HomeHealthHealthGram stain: step by step and what it is for

Gram stain: step by step and what it is for

Gram staining, or simply Gram, is a quick and simple technique that aims to differentiate bacteria according to the characteristics of their cell wall after exposure to different dyes and solutions.

Thus, through Gram staining, it is possible to verify, in addition to the shape of the bacteria, the color they acquire, which is an important result for defining other strategies for identifying the bacterial species and for the doctor to indicate a preventive treatment according to the features observed microscopically.

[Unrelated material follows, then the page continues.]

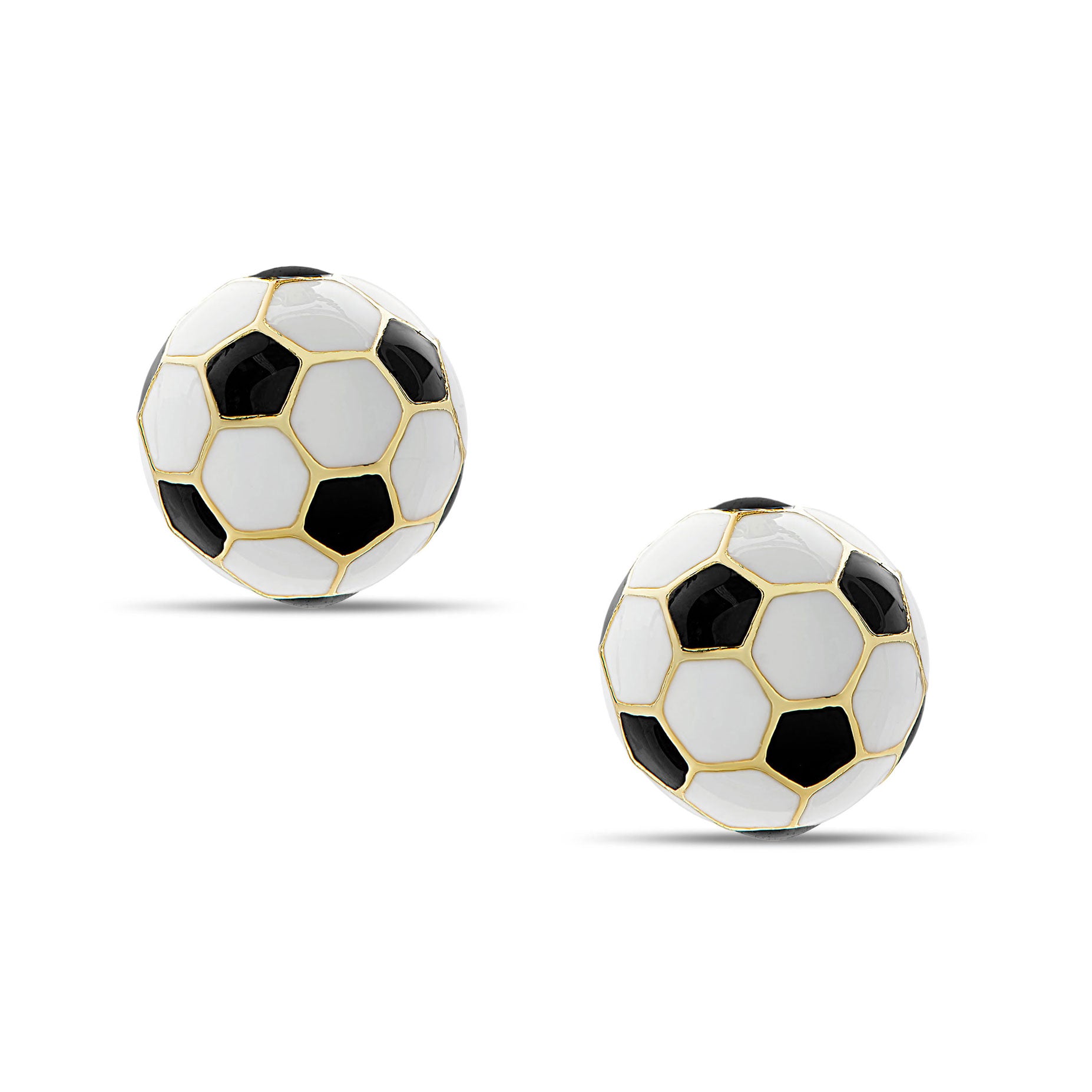 These beautiful stud earrings for girls feature a 3D soccer ball with hand-painted enamel. Earrings are 18k gold plated with a high-polish finish and secure with friction back clasps.

Gram stain is usually done routinely in the laboratory and is part of the bacterioscopy examination. Understand what bacterioscopy is and how it is done.

How is Gram stain done?

Gram staining is a quick, practical and inexpensive method for identifying bacteria responsible for infections, being useful for doctors to indicate a preventive treatment for the infection that may be occurring, since specific characteristics of these groups of bacteria are known,

Gram staining is done in 7 main steps, however the protocol may vary by laboratory:

  1. Place some colonies of the bacteria on the slide, adding a drop of water to facilitate the homogenization of the colonies;
  2. Allow to dry a little, the blade can pass quickly through the flame to favor drying, however it is important to pay attention to the temperature, since if the temperature is too high it is possible that there is a change in the structure of the bacteria, which can interfere with the result of the exam;
  3. When the slide is dry, cover it with the crystal violet dye and let it act for about 1 minute;
  4. Wash the slide with a stream of running water and cover the slide with lugol, which is intended to fix the blue dye, and let it act for 1 minute. Both types of bacteria can absorb the complex formed by the dye and the lugol, turning blue;
  5. Then, wash the slide with running water and apply 95% alcohol, letting it act for 30 seconds. Alcohol is responsible for dissolving the lipid membrane that forms gram-negative bacteria and, thus, removing the complex formed between the dye and lugol, decolorizing these bacteria. However, in the case of gram-positive bacteria, alcohol dehydrates the cell wall of gram-positive bacteria, causing pores to contract and making them impermeable;
  6. Afterwards, wash it again in running water and cover the slide with the second dye, fuchsin or safranin, and let it act for 30 seconds;
  7. Then, wash the slide with running water and let it dry at room temperature.

Once the slide is dry, it is possible to place a drop of immersion oil and observe the slide under a microscope with a 100x objective, being possible to verify the presence or absence of bacteria, as well as the presence of yeasts and epithelial cells.

what is it for

Gram staining aims to differentiate bacteria according to cell wall characteristics and general morphology. Thus, according to the characteristics observed under the microscope, bacteria can be classified into:

  • Gram-positive bacteria, which are visualized with a blue color due to the fact that they are not discolored by alcohol, since they have a thicker cell wall and their pores contract when exposed to lugol;
  • Gram-negative bacteria, which are visualized as pink/purple due to being bleached by alcohol and stained by safranin or fuchsin.

After viewing the bacteria under the microscope, it is possible that other tests are carried out in the laboratory to identify the species of bacteria. However, through the Gram and association with signs and symptoms presented by the person, the doctor can indicate a preventive treatment until the results of more specific tests are available, as this way it is possible to decrease the bacterial replication rate and prevent complications.